🤖 AI Summary
In FDD multi-user systems, conventional precoder design lacks robustness to channel statistics modeling, and traditional Gaussian Mixture Models (GMMs) suffer from exponential growth in component count with increasing feedback bits. Method: This paper proposes an end-to-end joint learning framework integrating Vector Quantized-Variational Autoencoders (VQ-VAEs) and Graph Neural Networks (GNNs), co-optimized with learnable pilots. VQ-VAEs replace GMMs to yield compact, scalable channel statistical representations; GNNs explicitly model inter-user spatial correlations; and joint training ensures end-to-end consistency. Contribution/Results: Experiments demonstrate that the proposed method significantly outperforms sub-DFT pilot and iterative precoding baselines under reduced pilot overhead or feedback bit budgets, achieving substantial sum-rate gains. The framework combines high modeling efficiency with strong deployment robustness.
📝 Abstract
Robust precoding is efficiently feasible in frequency division duplex (FDD) systems by incorporating the learnt statistics of the propagation environment through a generative model. We build on previous work that successfully designed site-specific precoders based on a combination of Gaussian mixture models (GMMs) and graph neural networks (GNNs). In this paper, by utilizing a vector quantized-variational autoencoder (VQ-VAE), we circumvent one of the key drawbacks of GMMs, i.e., the number of GMM components scales exponentially to the feedback bits.
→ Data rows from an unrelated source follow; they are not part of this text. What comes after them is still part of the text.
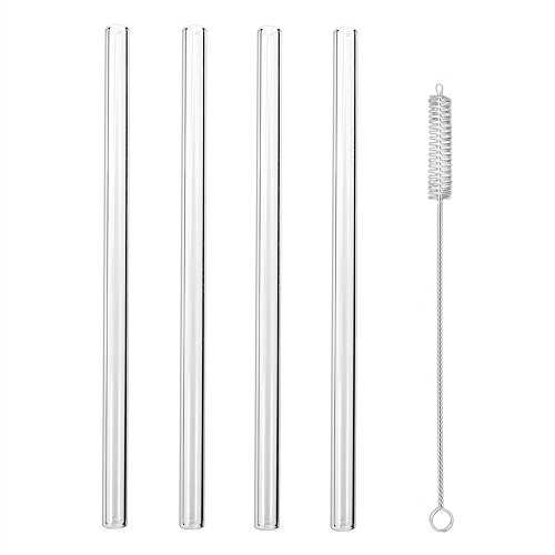 -. Title : Hiware Glass Straws 10 in x 10mm Handmade Bent, Clear, Set of 4, With Free Cleaning Brush, Smoothie Drinking Straws, Long Reusable Straws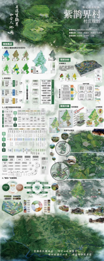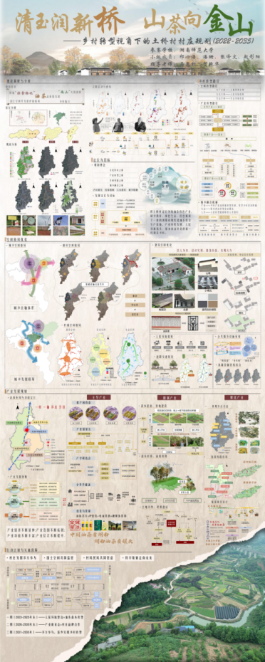 公司此次获奖的两份作品各具特色。《清玉润新桥山茶向金山——乡村转型视角下的土桥村村庄规划(2022-2035年)》以“推动乡村转型”为主线,围绕产业持续发展、人居环境优美、绿水青山转化三大目标,构筑文化传承之桥、产业转型之桥、空间更新之桥、城乡融合之桥,通过既有要素价值提质、流动要素价值赋能、潜力要素价值挖掘,多措并举助推乡村转型发展。《共谋紫鹊界,和合人地业——新化县水车镇紫鹊界村村庄规划(2021-2035)》以目标导向、问题导向为出发点,综合运用多学科技术手段,科学分析紫鹊界村的核心问题,并基于“人-地-业耦合”的核心规划理念,从“显山水、塑特色、优品质和谋发展”四个方面编制规划方案,促进五好新农村目标的实现。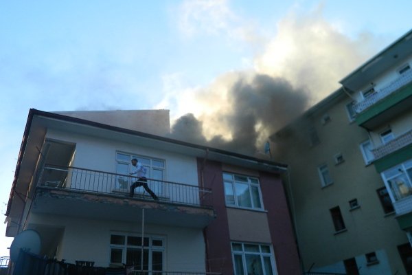 Cumhuriyet Mahallesi Yağmur Sokak No: 3 adresindeki Musa Korkmaz'a ait 3 katlı evin çatı katında 16:45 sıralarında henüz bilinmeyen bir nedenle yangın çıktı.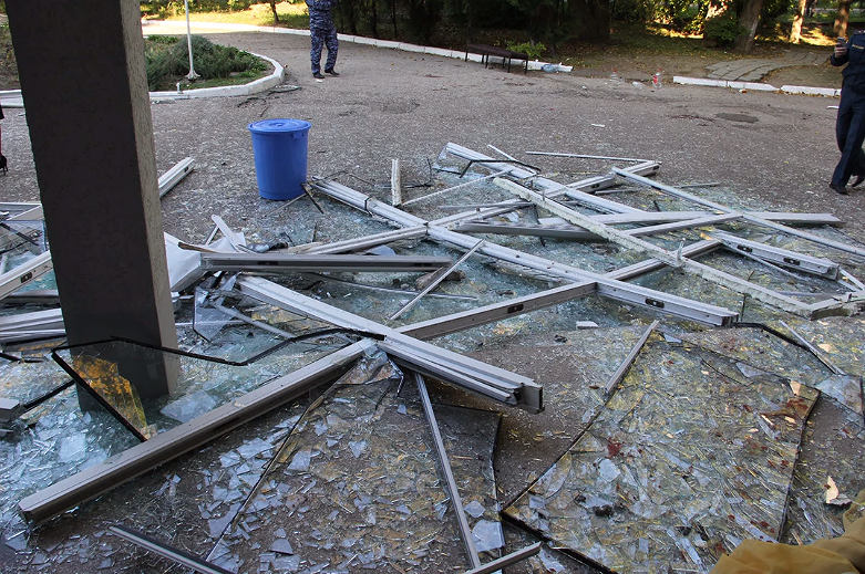 Серьезный ремонт потребуется везде: в фойе отсутствуют стекла, повалены вазоны. На полу, стенах - следы крови.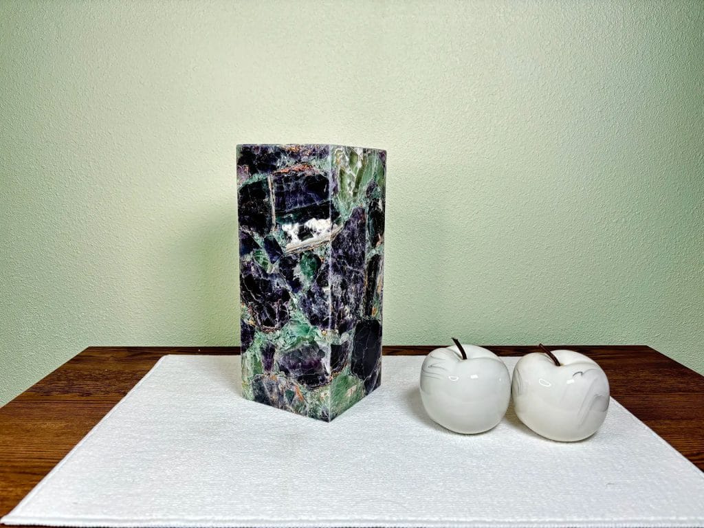 Illuminate your space with the enchanting glow of our radiant Rainbow Fluorite Table Lamp. This stunning piece is crafted from exquisite rainbow fluorite, showcasing a mesmerizing palette of greens, teals, deep blues, and purples. The lamp’s square silhouette offers a contemporary aesthetic, making it a perfect addition to any room where you want to accentuate your existing wooden furnishings. Experience the harmonious fusion of elegance and nature with this unique and beautiful table lamp.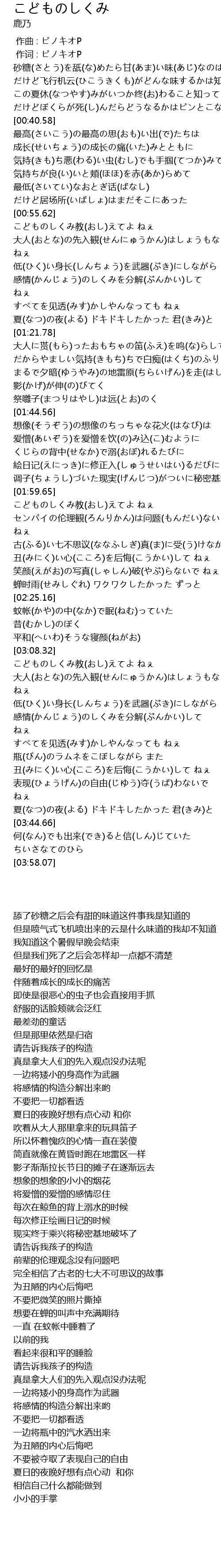 | [00:01.00] | 作词 : ピノキオP |
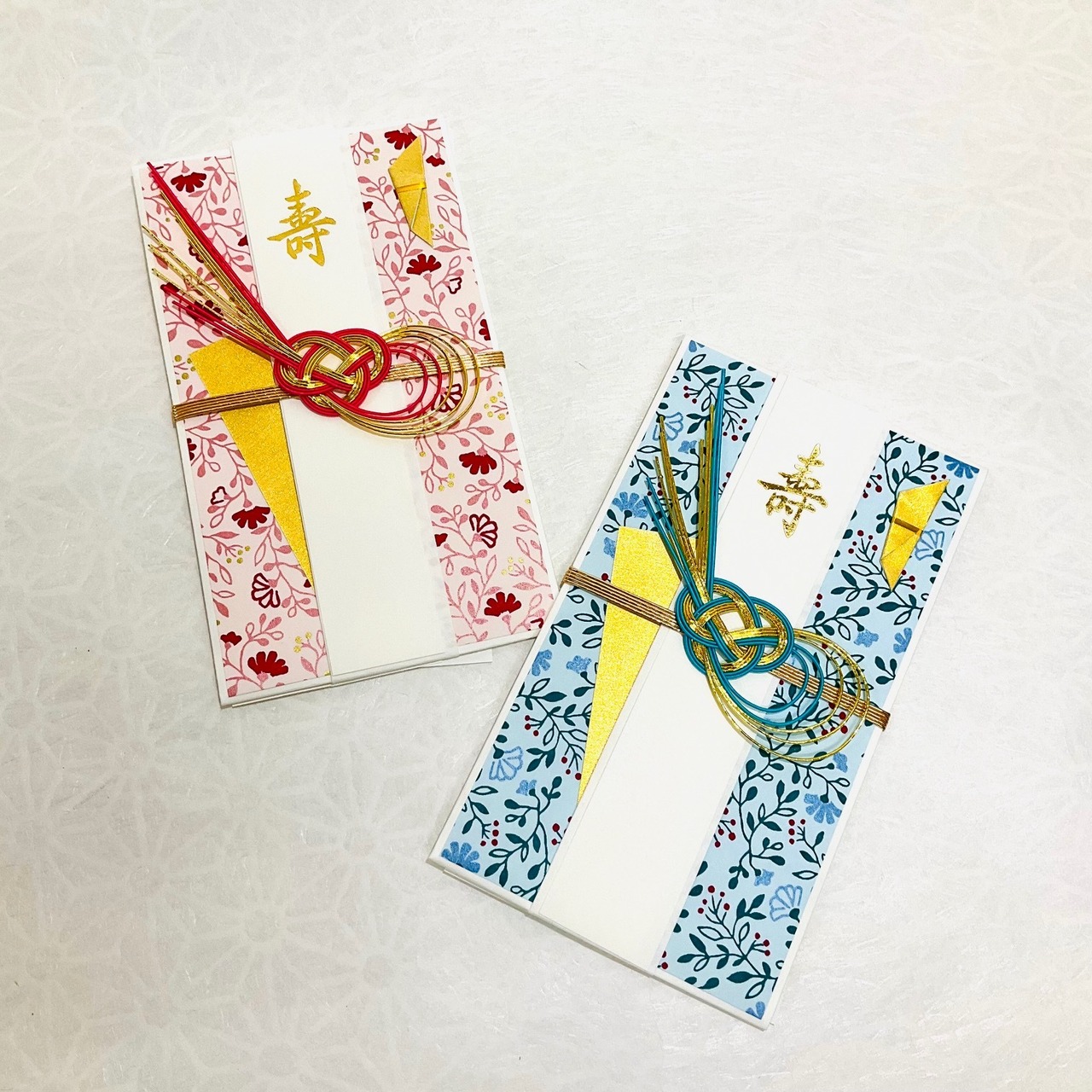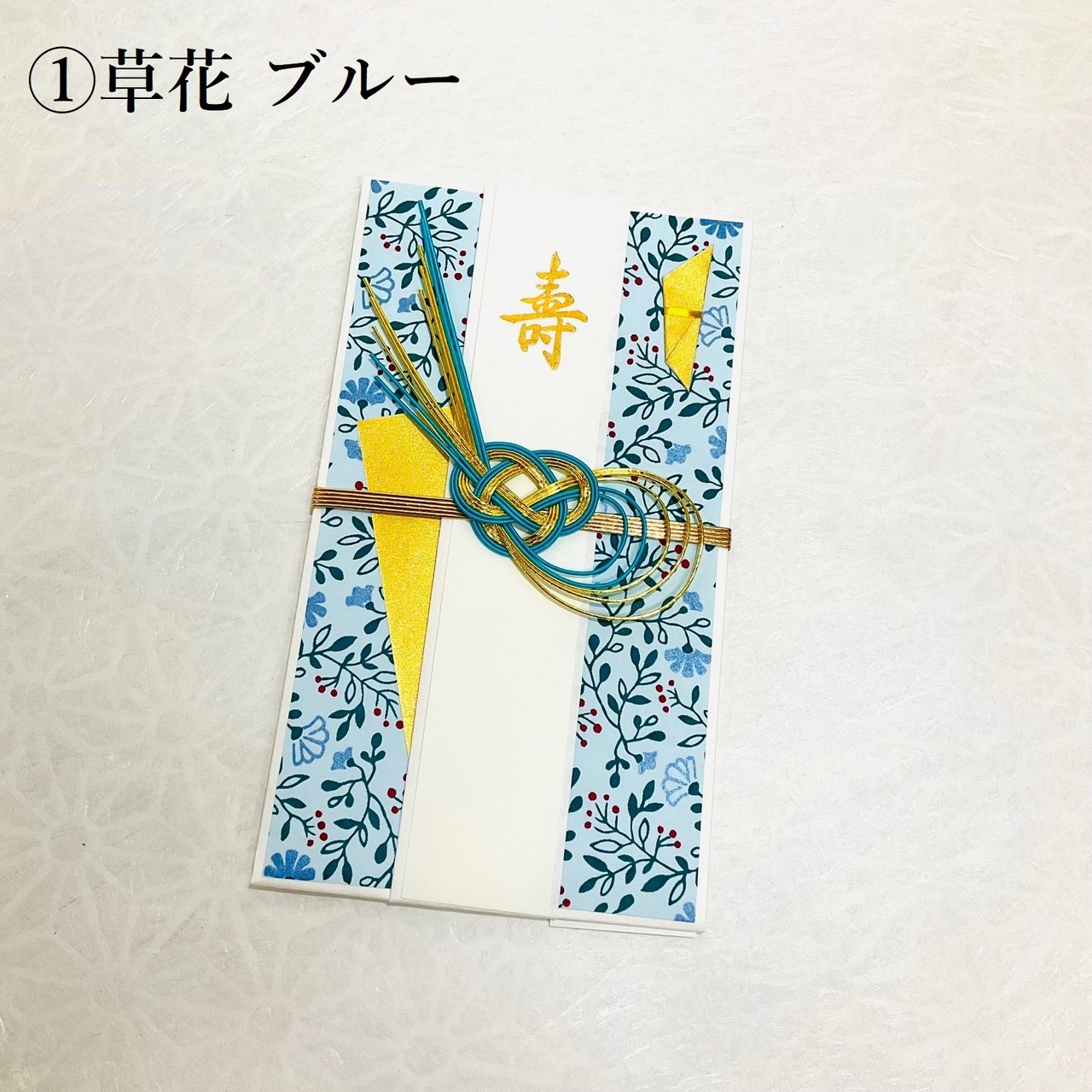 祝儀袋 結婚祝い 結び切り 京友禅紙使用【草花 ブルー・ピンク】

In addition, the deep learning architecture of the VQ-VAE allows us to jointly train the GNN together with VQ-VAE along with pilot optimization forming an end-to-end (E2E) model, resulting in considerable performance gains in sum rate for multi-user wireless systems. Simulations demonstrate the superiority of the proposed frameworks over the conventional methods involving the sub-discrete Fourier transform (DFT) pilot matrix and iterative precoder algorithms enabling the deployment of systems characterized by fewer pilots or feedback bits.